Pushing the Purim Spiel Envelope at Jewish Museum Ball
Sparkling and irreverent does not begin to describe the Jewish Museum’s 29th Annual Purim Ball at which more than 700 guests — with credentials in the arts, fashion, philanthropy and entertainment — mingled at the Armory which was decorated with thousands of bathed-in-purple light shimmering miniature mirrors suspended overhead…helped raise $2 million.
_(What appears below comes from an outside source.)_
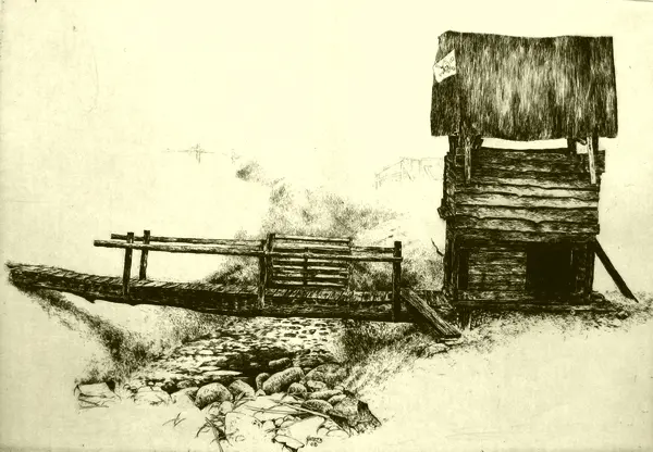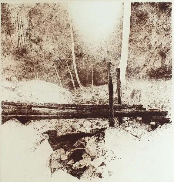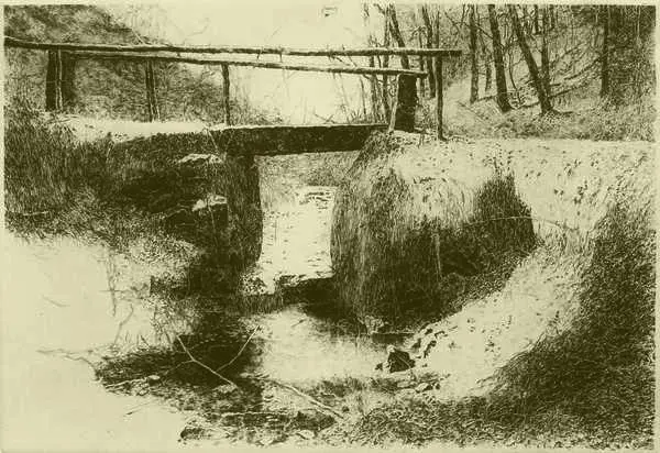 Walter Herzog, Radierung, Bachbrückensteg, 1997, Bildformat 26,8 x 39,0 cm, Papierformat 39,5 x 51,0 cm

Claudia Gould, the museum’s Helen Goldsmith Menschel director, introduced museum chairman emeritus Morris Offit, and Meyer Sulzberger Award recipients — still working-at-96 president of Eugene M. Grant & Company LLC real estate investment and development firm, and philanthropist Eugene Grant and his wife Emily Grant. Among Grant’s life philosophy gems: “Give love…help all forms of Jewish community organizational life” and “give thanks for a treasured productive life as an American Jew in this goldene medineh (golden land).”
Karen Leon
Touting Purim Ball honoree photographer, artist, filmmaker Laurie Simmons — subject of an upcoming Jewish Museum exhibition opening March 13 — Gould informed that the early Simmons film short showing skimpily clothed underwater female swimmers — Simmons with camera included — was shot in Queens College’s swimming pool. Gould also revealed that when it came to choosing the evening’s Purimspieler–it was Simmons’ daughter Lena Dunham — creator and star of HBO series “Girls” and herself a 2013 Purim Ball Museum honoree who,“coming to the rescue,” suggested Senior Art Critic for New York Magazine Jerry Saltz.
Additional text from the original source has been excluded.